To favor transition towards sustainable agricultural systems, the agricultural sector needs to reduce its dependence on external inputs. From an ecological economics perspective, this requires the simultaneous fulfillment of a gross energy surplus on the farm (production condition), and a greater recirculation of the production extracted from the agroecosystem (reproduction condition). Using eight smallholder farms, this study focuses on the processes of recirculation and externalization of biomass, materials and energy flows in the agroecosystem. This is carried out through analyzing the MEFA (Material and Energy Flow Analysis) matrix by means of energy return on the investment indexes of inputs or externalizations (EFEROI), recirculations (IFEROI), joint efficiency (NPPact EROI) and labour efficiency (W EROI), all of which impact upon farm-scale decision-making related to yield and cost-benefit situations.
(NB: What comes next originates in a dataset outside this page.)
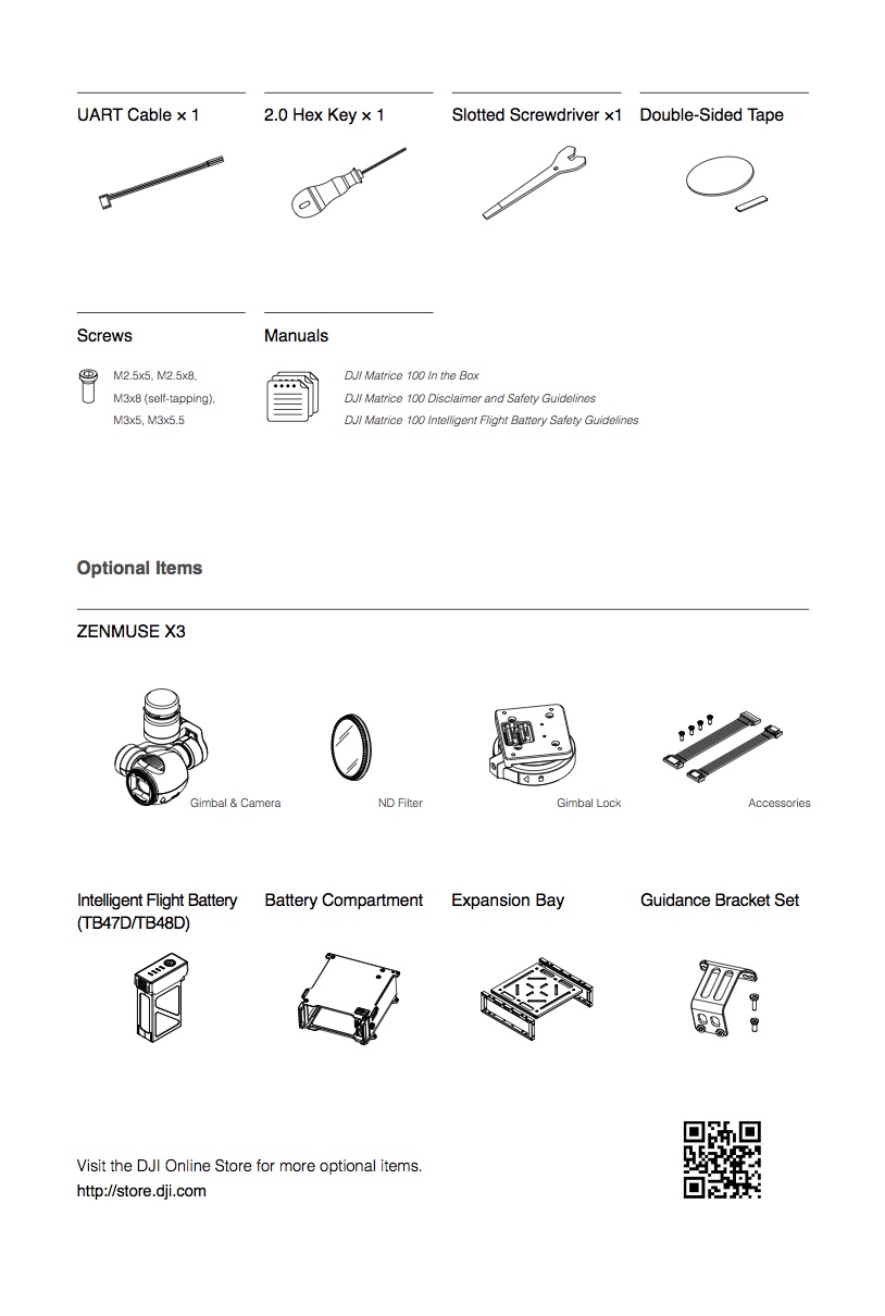 The Matrice 100 is compatible with a wide range of DJI accessories

Agrarian fossilization indices are applied to include an assessment of farm non-renewable energy profiles. The results indicate a restriction of inputs in conventional farm-operators and a troubling use of indirect fossil-fuel in organic operators, together with a weakening of the agroecosystem reproductive processes by means of external inputs for both systems. To guide the agrarian transition, farming strategies need to focus on reducing indirect fossil-fuel energy consumption, rather than relying on technological substitutions.